CLIENT: Franklin & Marshall College
SIZE: 33,000 sf
Drawing on Franklin & Marshall College’s motto Lux et Lex the new Winter Visual Arts Building for the Art, Art History, and Film Department is conceived as ‘light’ in complementary/contrast to the ‘heavy’ exemplary brick architecture of the 1856 ‘Old Main’ original campus building. A gradual exterior ramp connects from Old Main’s axis to a second-floor entrance of our new building, just above a ground floor entrance facing the newly formed ’Arts Quad.’ The building activates the southern end of the campus as a new campus destination as well as reinforcing the college’s historic axis by extending it to the south and reaching out to the town.

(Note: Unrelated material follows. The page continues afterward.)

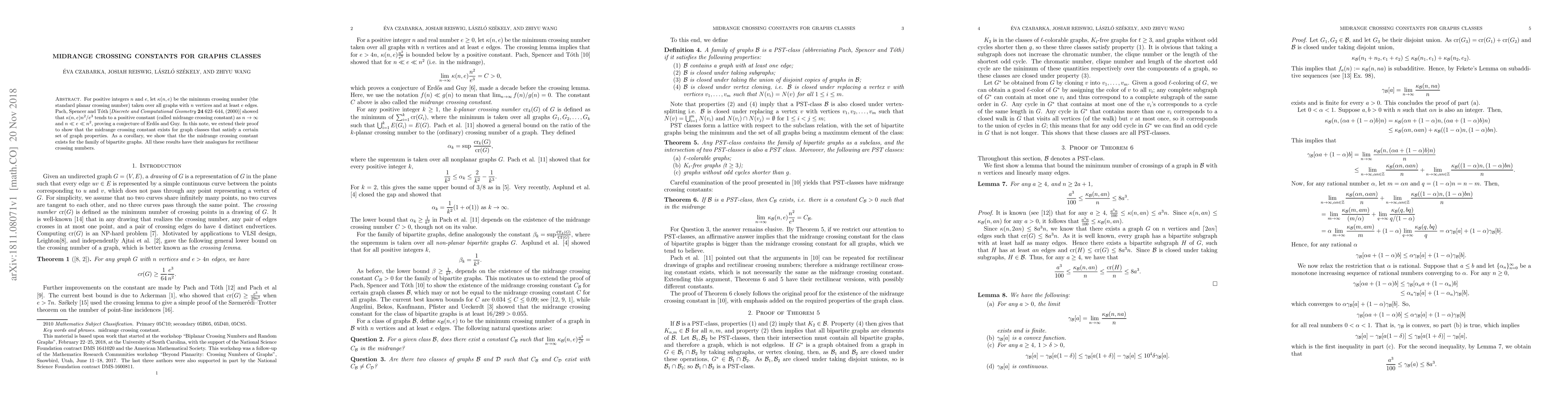 For positive integers $n$ and $e$, let $\kappa(n,e)$ be the minimum crossing number (the standard planar crossing number) taken over all graphs with $n$ vertices and at least $e$ edges. Pach, Spencer and T\'oth [Discrete and Computational Geometry 24 623--644, (2000)] showed that $\kappa(n,e) n^2/e^3$ tends to a positive constant (called midrange crossing constant) as $n\to \infty$ and $n \ll e \ll n^2$, proving a conjecture of Erd\H{o}s and Guy. In this note, we extend their proof to show that the midrange crossing constant exists for graph classes that satisfy a certain set of graph properties. As a corollary, we show that the the midrange crossing constant exists for the family of bipartite graphs. All these results have their analogues for rectilinear crossing numbers.

The large diameter trees, the oldest elements of the Franklin & Marshall’s 52-acre arboretum campus, were the conceptual generator of the building’s geometry. As a lightweight building, its main floor is lifted into the trees on a porous ground level open to the campus and the adjacent Buchanan Park. The reflections of the hovering building at night glowing in the water of the large reflecting pool add to the special articulation of this place.

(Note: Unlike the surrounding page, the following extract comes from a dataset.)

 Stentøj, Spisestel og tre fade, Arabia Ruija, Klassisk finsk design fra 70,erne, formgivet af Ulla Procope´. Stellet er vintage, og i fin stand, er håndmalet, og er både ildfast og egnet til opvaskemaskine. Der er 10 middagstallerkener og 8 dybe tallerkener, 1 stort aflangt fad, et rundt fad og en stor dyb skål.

The Winter Visual Arts Building is the center of creative life on campus. The universal language of art enabled by the building’s spaces brings together students from diverse cultures to collaborate on arts projects. It offers generous social/circulation space, with two main entries on different levels that enable one-way flow when needed, abundant daylight to all rooms, natural ventilation, and outdoor terraces. The architecture is deeply connected to its verdant, park-like campus setting, a restorative place within nature.
Ecological Innovation +
– LEED Silver
– double layer U Plank with Wacotech GmbH & Co. KG translucent insulation
– operable windows and skylights at every studio
– natural light to all studios
– radiant floor with heating and cooling
– reflecting pool doubles as stormwater overflow
– all existing trees preserved on site
Dominik Sigg, Marcus Carter, Elise Riley, Michael Haddy, Hannah LaSota (project team)
- Casali Group, Inc.
Thomas Murray (project manager)
- Franklin & Marshall College
Sheldon Wenger (project manager)
- ICOR Associates
- David Miller Associates
- Knippers Helbig Advanced Engineering
- L'Observatoire International
- Hollander Design
- Harvey Marshall Berling Associates
- Aqua Design International
Kostis Korelias, Associate Professor at Franklin & Marshall “... Our new art building is itself a philosophical machine without which, we cannot fully understand the Mystery of force."
Eric Baldwin, The Architect's Newspaper, October 2020 "Rising between canopies of old-growth trees and their driplines in south-central Pennsylvania, the art center seemingly floats above the landscape of the campus and Buchanan Park. The 32,000-square-foot project is wrapped in SHA's signature translucent glass to provide an ethereal illumination for art students. . . Balancing form and enclosure the Winter Visual Arts Building becomes a new campus destination for students with space to gather, learn and grow through the universal language of art."
Alberto Bortolotti, Arbitare, 21 Jan. 2021 "The natural setting has also favoured the application of Holl’s theory of parallax – which holds that vertical or oblique movements through space multiply our experiences – something that is already evident even before you enter the new building, as you walk along the lengthy external ramp that leads to it from the historical centre of the campus."